Von solchen Vorfällen berichten auch andere Jeep-Fahrer. Laut der Werkstatt sei der Fehler, so steht in diesem Bericht, zu "sporadisch", um nachvollziehbar zu sein. Und wo kein Fehler, da auch kein Mangel, der Jeep zur Nacherfüllung verpflichte.
Rechtsanwalt eingeschaltet
Dennoch will Isabel den Vertrag rückabwickeln, hat die Angelegenheit ihrem Rechtsanwalt übergeben. Doch so einfach sei das nicht, sagt er. Und das habe im Falle seiner Mandantin auch etwas mit den Gewährleistungsfristen zu tun: "Im ersten Jahr wird vermutet, dass dieser Mangel per Gesetz, dass er auch schon zum Zeitpunkt des Kaufs und der Übergabe vorgelegen hätte. Das Jahr ist leider auch insoweit abgelaufen, und dementsprechend tragen wir jetzt die Beweislast dafür, dass der Mangel vorhanden ist. Dafür werden wir in Kürze ein selbständiges Beweisverfahren einleiten. Und das ist relativ teuer. Da gehen schnell sechs, sieben, acht Tausend Euro Richtung Gericht. Das ist sicher eine sehr aufwändige Beweisführung. Deshalb müssen wir dann mit solchen Kosten rechnen", erklärt Rechtsanwalt Peter Runkel.
Rechtsschutzversicherung deckt Kosten ab
Isabel Wagner hat eine Rechtsschutzversicherung, die solche Kosten abdeckt. Sonst würde sie das niemals machen. Gut möglich, dass ihr ein Dokument in die Karten spielt, das Isabel von ihrem Händler erhalten hat. Es handelt sich um einen Fragebogen, Titel: "Unbeabsichtigte Aktivierung der Funktion 'Aktive Sicherheitsbremse'".

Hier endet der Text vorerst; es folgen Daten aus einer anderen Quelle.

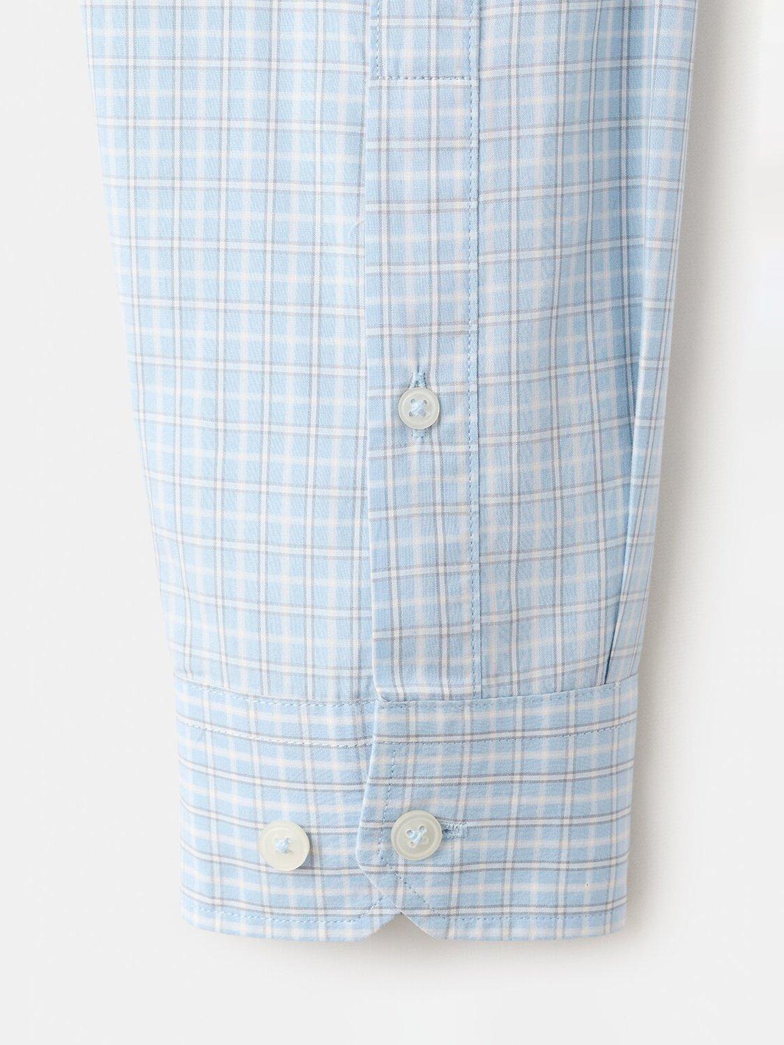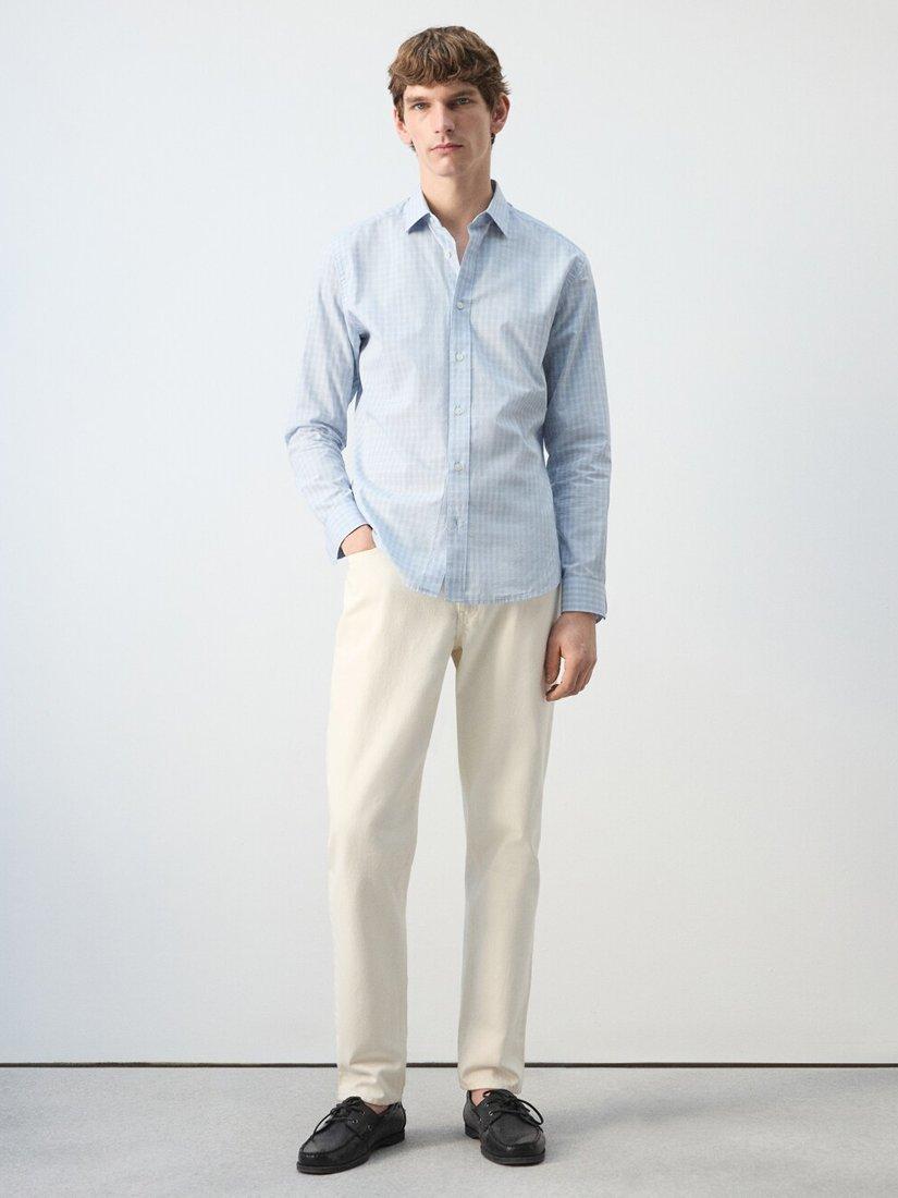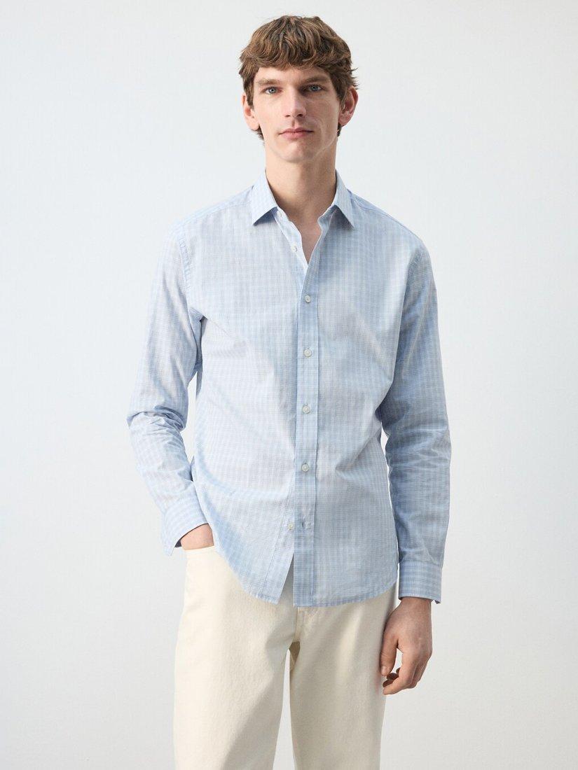 Crisp checked shirt, sculpted silhouette and airy drape ideal for smart casual days and weekend gatherings.
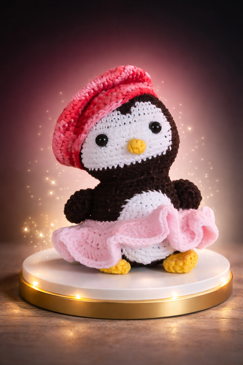 Craquez pour ce pingouin ballerine en crochet, entièrement réalisé à la main avec soin. Avec son béret rose et son tutu délicat, ce petit compagnon apporte une touche de douceur et de poésie à n’importe quel intérieur.
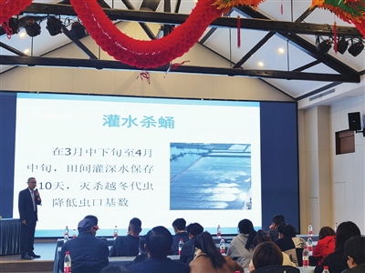 | 马祺在谢塘镇给种粮大户讲“稻麦主要病虫害的防控对策”。 |

Dort soll sie zum Beispiel erklären, ob während des Manövers der Scheibenwischer in Betrieb war oder ob sie den Fuß auf dem Bremspedal hatte. Der Anwalt ist überzeugt: dem Hersteller müsse der sicherheitsrelevante Mangel sehr wohl bekannt sein.
"Das Problem scheint man europaweit auszurollen", vermutet Rechtsanwalt Runkel: "Wir haben uns gemeldet im Dezember. Ich glaube nicht, dass man erst im Dezember angefangen hat, das europaweit auszurollen. Ich vermute, dass das Problem vorher schon bekannt war und in anderen Ländern schon Recherchen und Untersuchungen laufen."

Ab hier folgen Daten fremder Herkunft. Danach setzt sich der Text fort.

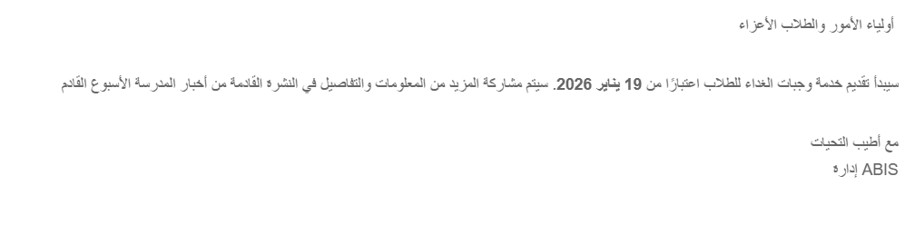 ABIS Student Lunch Service to Start on 19 January 2026 by Alaa ALKMALY | Jan 8, 2026 | News Flash | 0 comments Dear parents, The student lunch service will commence on January 19, 2026. Further information and details will be shared in the next Newsflash update, scheduled for release next week. Kind Regards, ABIS Administration
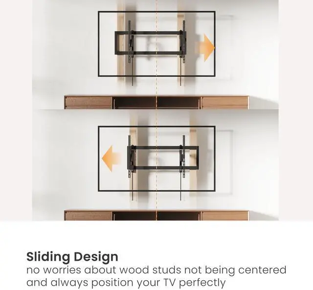 Lateral Shift Wall Plate: The wall mount has feature to allows TV to shift left and right for perfect placement with off-center studs to achieve perfect TV centering. It is designed with a wider wall plate that fits 16/18/24 Wood Studs ^^ Anti-Theft
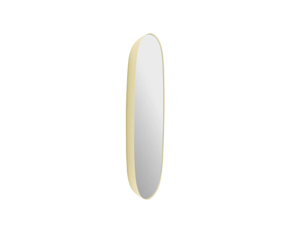 Menšie zrkadlo Framed z kolekcie nástenných dekoratívnych zrkadiel s výrazným zaobleným rámom od dánské značky Muuto. Prevedenie: rozmer 59x44 cm, svetložltý rám s čírym sklom.
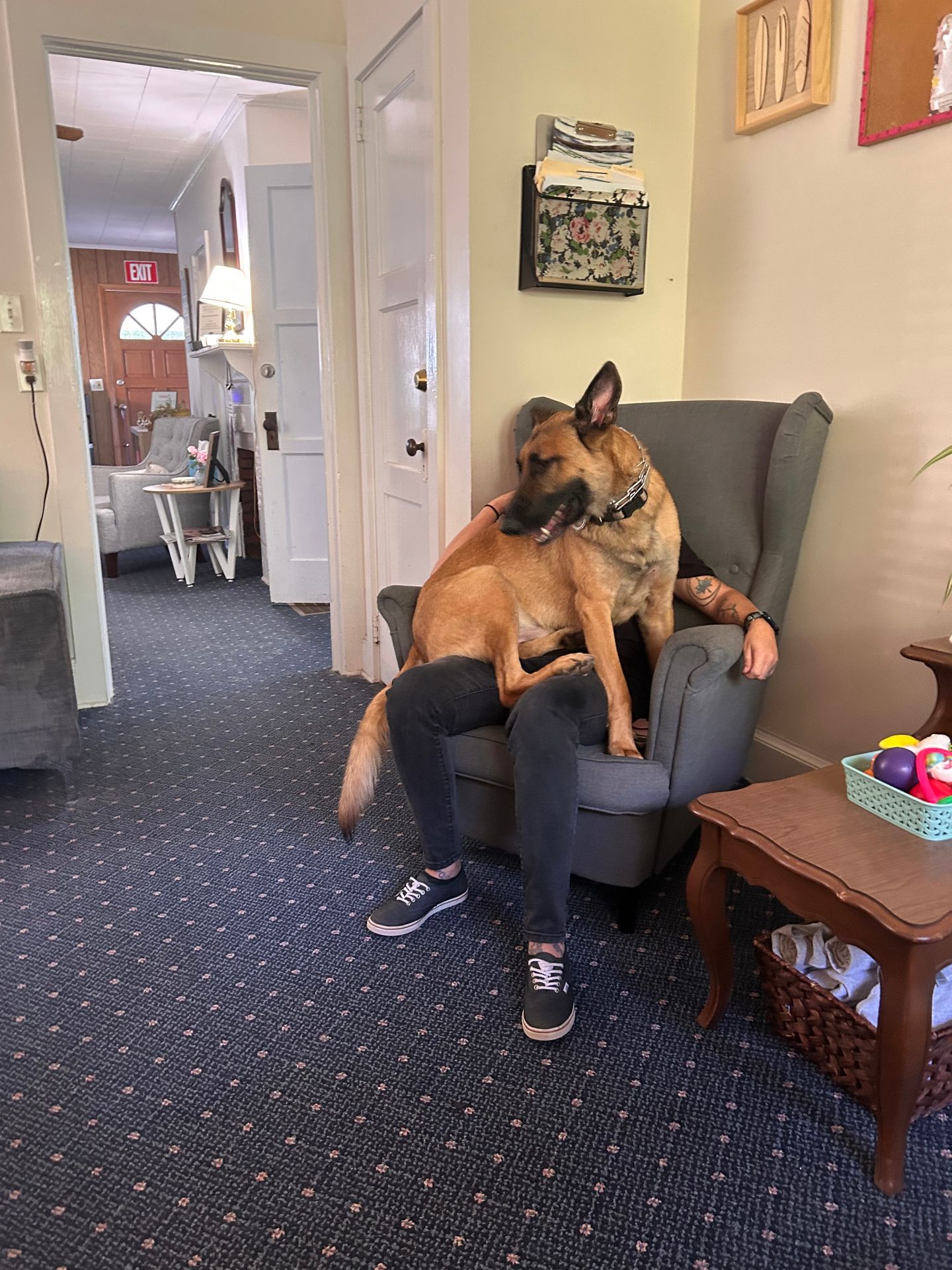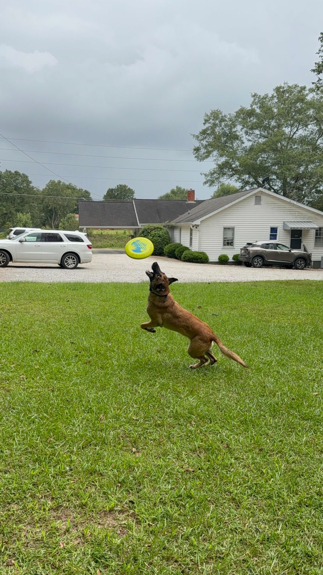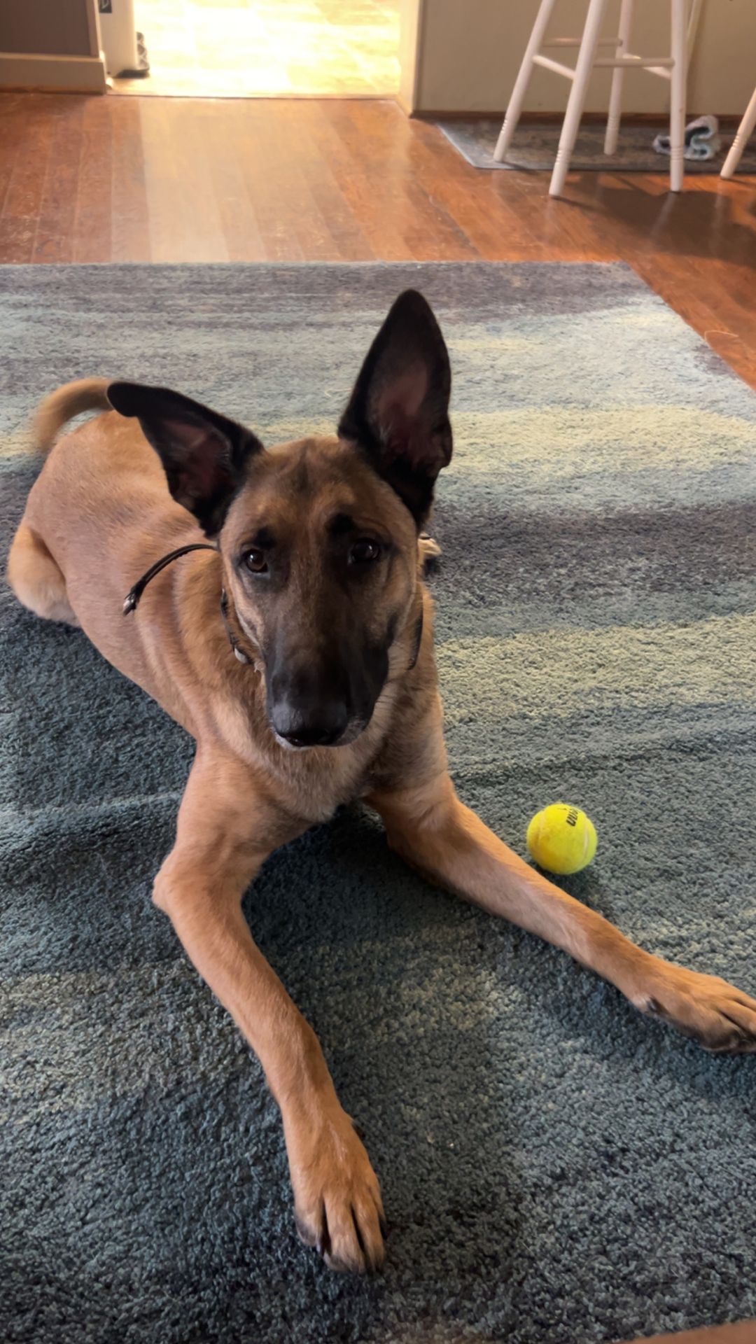 Deuce is a Belgian Malinois who doesn't know a stranger. He is hyper and impulsive which makes him great with children who struggle with hyperactivity and impulsivity. He loves to play fetch, and is a little obsessive when it comes to balls. He enjoys playing fetch and performing a variety of tasks like sit, down, roll-over and handsome boy. Treats are a favorite.

Dem Kraftfahrtbundesamt liegen Hinweise vor
Im Falle von sicherheitsrelevanten Mängeln kann auch das Kraftfahrtbundesamt einen Rückruf verpflichtend anordnen. Von der Behörde erfahren wir, dass im Fall Jeep entsprechende Hinweise vorlägen.

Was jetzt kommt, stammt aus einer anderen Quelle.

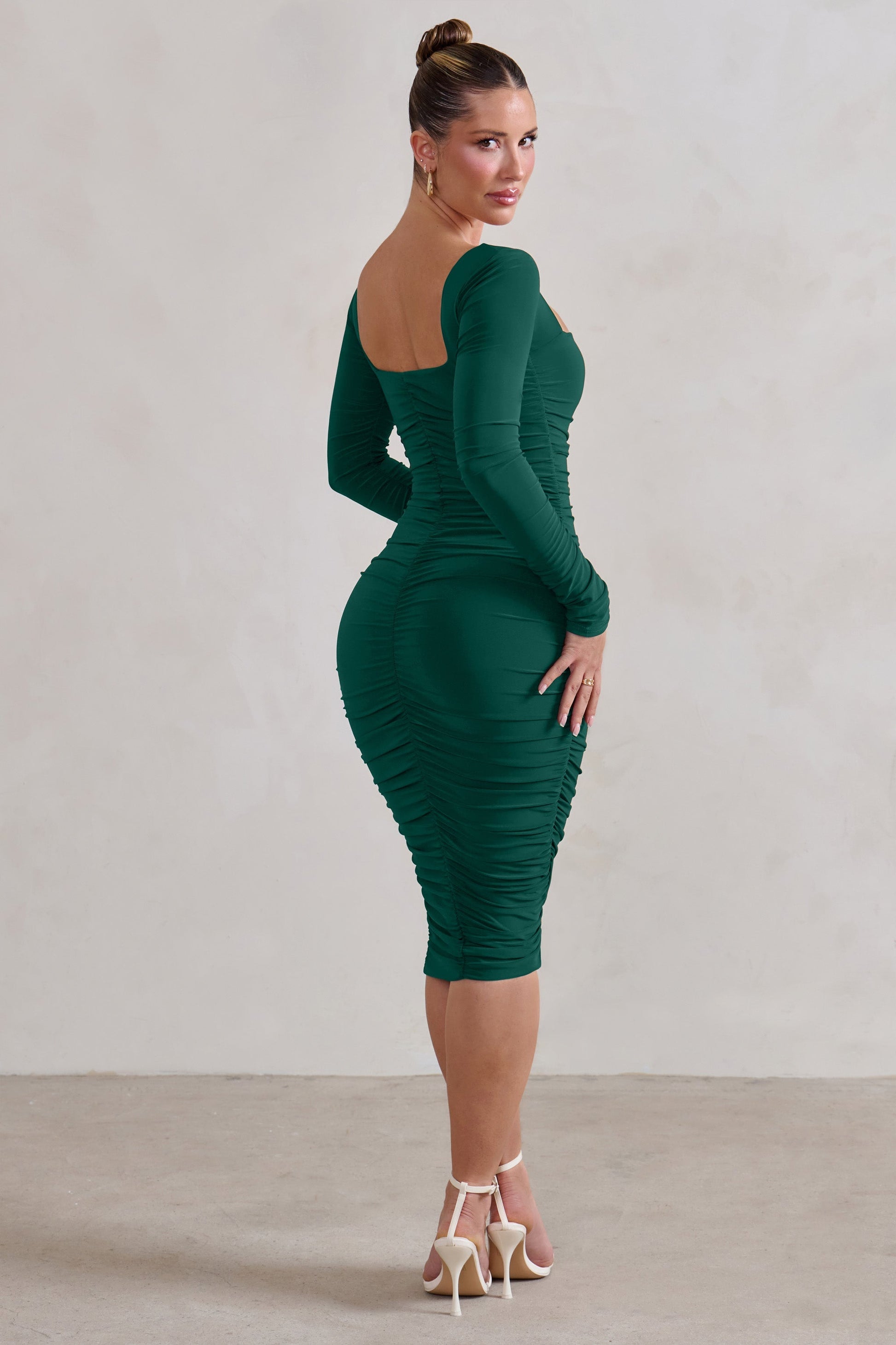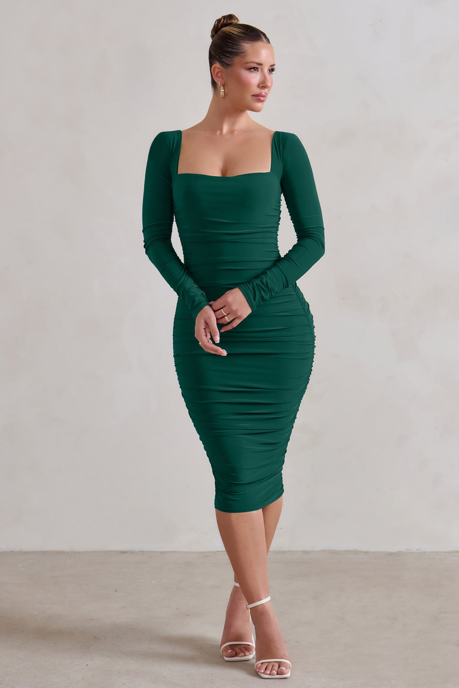 Seductress | Bottle Green Square Neck Bodycon Midi Dress With Long Sleeves
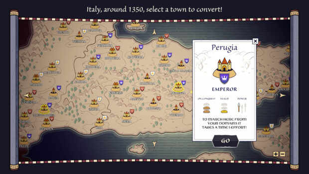 The game loops around conversion “battles”, where you have to pick a fitting set of units required, deploy them within the chosen town, and then the confrontation begins: you can change units’ actions and there are fights and conversions on the spot (an evolved rock paper scissors mechanic).

Zurück zu Gabi Schünemann aus Wiesbaden. Bei ihrem Avenger wurde zuletzt ein Software-Update aufgespielt. Drei Wochen lief alles glatt, dann ein erneuter Totalausfall: wieder Abschleppen, und wieder behauptet die Werkstatt: ein Fehler sei im Speicher nicht zu finden.
Schünemann fühlt sich "veräppelt und einfach nicht ernst genommen, und das ist fast noch schlimmer als die Tatsache, dass das Auto irgendwo stehen bleibt, dass man letzten Endes als Kunde nicht ernst genommen wird. Und das ist wirklich schade."
Hoffentlich bekommt Jeep die Probleme in den Griff, bevor jemand zu Schaden kommt!